Quick bit: President Biden echoed a common claim of Democratic Virginia gubernatorial nominee Terry McAuliffe during an appearance at a McAuliffe campaign event, claiming Republican opponent Glenn Youngkin was seeking to ban certain books
President Biden echoed a common claim of Democratic Virginia gubernatorial nominee Terry McAuliffe during an appearance at a McAuliffe campaign event, claiming Republican opponent Glenn Youngkin was seeking to ban certain books.
“Just look how he’s closing his campaign,” Biden said of Younkin during the event Tuesday. “He’s gone from banning a woman’s right to choose to banning books written by a Pulitzer Prize and Nobel Prize-winning author Toni Morrison.”
Biden’s comments come as debate has raged between the two candidates in recent weeks over what role parents should play in deciding what their kids are taught in school, with Youngkin repeatedly hammering McAuliffe for vetoing a bill that would have required that parents be notified when books containing sexually explicit material are introduced to their children.
Toni Morrison’s famous work “Beloved,” which describes scenes of sexual violence and gang rapes, has been placed firmly in at the center of the controversy, causing a parent whose son was assigned the book to successfully lobby Virginia’s GOP controlled legislature in 2016 and 2017 to pass the legislation McAuliffe would eventually veto.

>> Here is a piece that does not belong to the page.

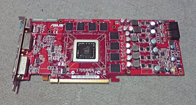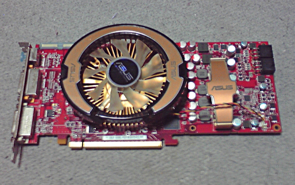 まずはマシンからHD4870を外す。このHD4870はASUSのやつなので、ASUSお得意のでっかいFANが付いている。

McAuliffe has claimed that the bill would allow parents to ban certain books and accused Youngkin of supporting similar bans, a claim repeated by the president in his remarks Tuesday.
But that claim was also the subject of a Washington Post fact-check following the candidates’ second debate, with author Glenn Kessler concluding that McAuliffe “mischaracterized the bills he vetoed.”
“Neither bill would have allowed parents to ‘veto books’ or ‘take them off the shelves,’ according to the bills and the veto statements issued by McAuliffe at the time,” Kessler wrote. “In fact, neither had to do with books, but concerned instructional material.”
For its part, the Youngkin campaign has responded to McAuliffe’s attacks by arguing that the GOP candidate is simply seeking to give parents a say in what material their children are exposed to at school.
“The bipartisan bills McAuliffe vetoed would simply have notified parents of sexually explicit reading assignments and given them the choice of having their own child receive an alternative,” Youngkin’s campaign said. “McAuliffe continues to confirm every day that he wants to silence parents because he doesn’t believe they should have a say in their child’s education.”